The example currently returns knots from a waterway in the marina in the bounding box.

Beyond the Geodata

I you want to check the credibility of the geodata then it can be helpful to look at the metadata. In particular, the age of the object and surrounding objects gives a hint whether the object still exists on the ground or whether simply no mapping activity may have taken place.

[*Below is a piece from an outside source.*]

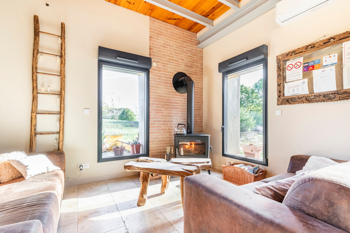 Dom dla maksymalnie 7 osób położony na wsi, w bezpośrednim kontakcie z naturą, 3 minuty od autostrady A68 Toulouse Albi. Wifi światłowodowe do pracy zdalnej lub relaksującego pobytu z rodziną lub przyjaciółmi, na wsi, w salonie z kuchnią wyposażonym w spokojny wystrój, weranda, spa, basen z podgrzewaną wodą, taras, ogrodzony ogród, grill, 3 sypialnie z 2 podwójnymi łóżkami i 2 pojedynczymi łóżkami, 1 rozkładana sofa, prysznic typu walk-in i 3 miejsca parkingowe. Znajdź nas w Cottages du Tarn. Do zobaczenia wkrótce! Cathy i Martial

The other data in question is well-known from the meta output mode. In addition, this data can now be accessed via evaulators. For example, you could now find all data that has been last touched in a specific changeset:

nwr(if:changeset()==58017401)({{bbox}});
out geom;

Another example is to find objects with a suspiciously high version number. Relations always have very high version numbers. Thus we look at ways here:

[out:csv(ver,count)];
way({{bbox}});
for (version())
{
  make stat count=count(ways),ver=_.val;
  out;
}

Line 1 is the CSV declaration with columns matching the tags generated in line 5 and printed in line 6. Line 2 is a standard query for all objects in the bounding box. Line 3 contains the new evaulator, version(). It is used by the for loop to group output by version number.

Now we can investigate a reasonable number of objects with the highest version numbers:

way({{bbox}})(if:version()>50);
out geom;

There are further evaulators for timestamp(), uid(), and user()). These should be self-explanatory.